Bill Brand, Executive VP, Marketing and Business Development for HSN

Jeff Fagel, Director of Brand Development, Sears Holdings

Yehuda Shmidman, Chief Operating Officer, Iconix Brand Group

Carol Spieckerman, President, newmarketbuilders

The conference’s intent was to provide insights on “the future of branding, collaboration and shopper-centric strategies.” My key take away was the importance of storytelling, disruption and even gaming in getting the brand message across to consumers. 

Logo The message from HSN was that social interaction is a major driver in consumer purchases.   HSN (and, by the way, if you have not watched HSN lately you really should) uses warm media figures like Queen Latifah to brand their products.  HSN expects Queen Latifah and the other celebrities behind their brands to interact on the set, sometimes for hours, with viewers.   They also make sure that whomever they choose has a powerful back story that connects with their female viewership.

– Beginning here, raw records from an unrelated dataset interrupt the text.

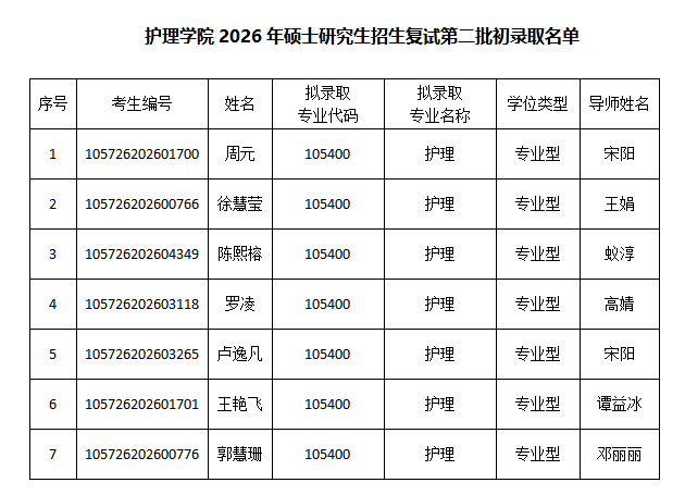 ,公布第二批初录取名单如下,最终录取结果以大学研招办公布为准。
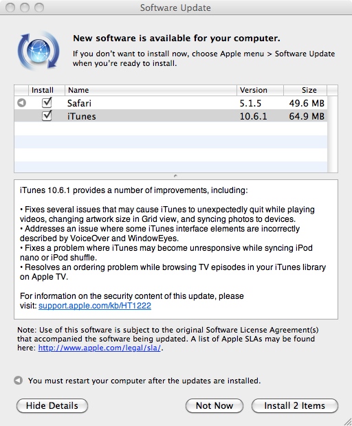 Apple vydal novou verzi multimediálního přehrávače iTunes, tentokrát ve verzi iTunes 10.6.1, která řeší řadu chyb. Novou verzi iTunes si můžete stáhnout pomocí služby Software Update nebo přímo zde. iTunes 10.6.1 řeší konkrétně následující problémy.
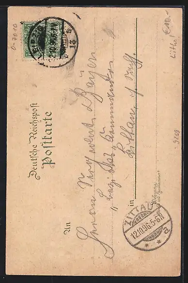 gelaufen 1896, Eckknick oben li., guter Zustand
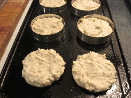 When the griddle is hot, divide the batter among the rings and wait for the muffins' bottoms to set before carefully removing the rings.
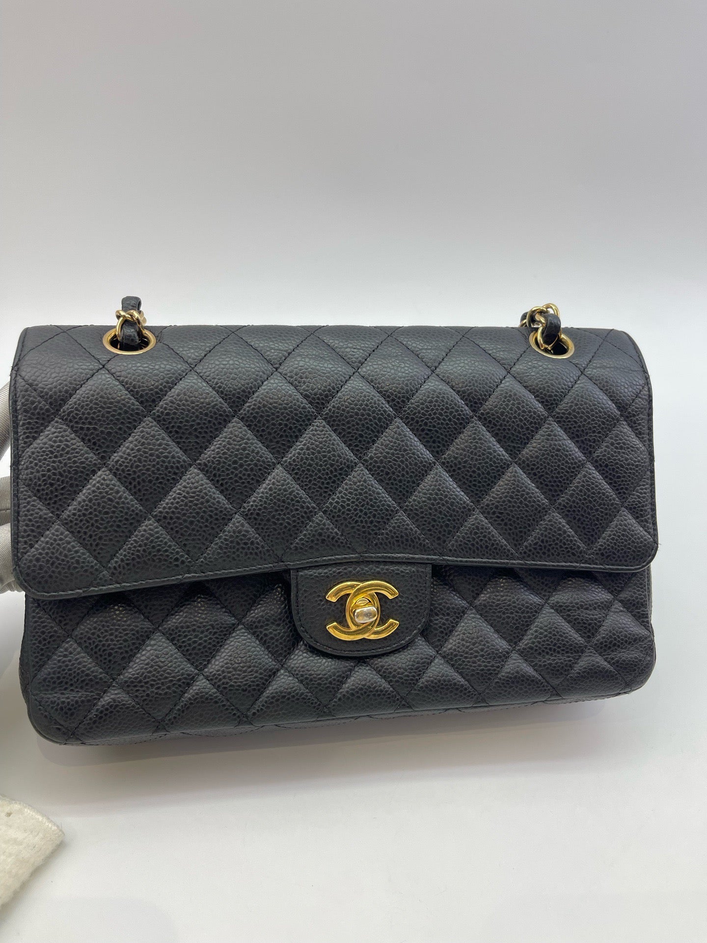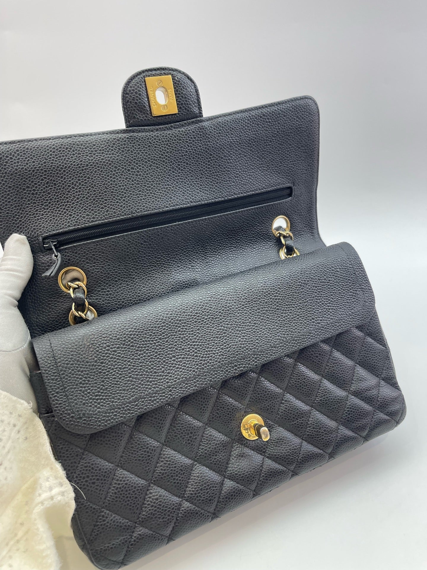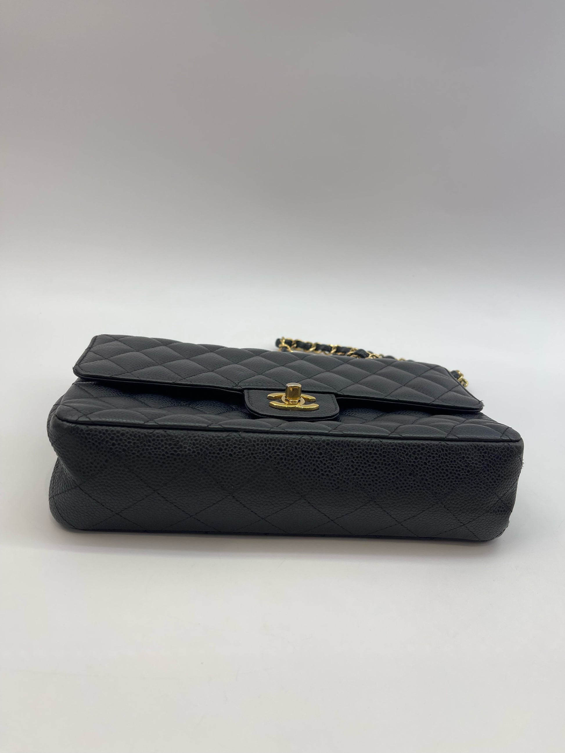 Chanel Caviar Classic Large Flap Shoulder Bag, Black and Gold
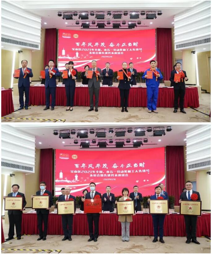 表彰會上,領導們為獲得全國工人先鋒號、上海市五一勞動獎狀、上海市五一勞動獎章、上海市工人先鋒號的先進集體代表和個人頒獎。
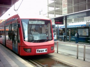 abfahrbereit an der Haltestelle der Linie 4 zum Hauptbahnhof. |

In addition, HSN is engaging their viewers “seamlessly” across all platforms.  That means the Internet, cell phones (cell phone purchases are leading growth) and gaming.  I was particularly impressed by HSN’s use of social gaming on their website to keep consumers involved with


the brand while they are watching and not watching the channel.  The idea is that as long as the consumer is playing an HSN game, they are involved with the brand. 

Jeff Fagel from Kmart talked about his company’s use of disruptive marketing to revise their view of their brand.  They wanted to change the inherited way that consumers see Kmart.  They did so by creating a strong back story about Kmart’s use of highly talented and engaged designers to create their brands.  The personal side of the designers was featured as they went about their jobs.  The company got a documentarian to shoot videos that were mini documentaries and completely out of the norm for Kmart in substance and style.  The result has been an increase in the perception of Kmart and its products. 

I unfortunatley had to leave prior Carol Spieckerman's talk.  Carol is one of the sharpest people in the consumer products industry so I will see if I can get her to tell me some of what I missed.   All in all, it was a very valuable day.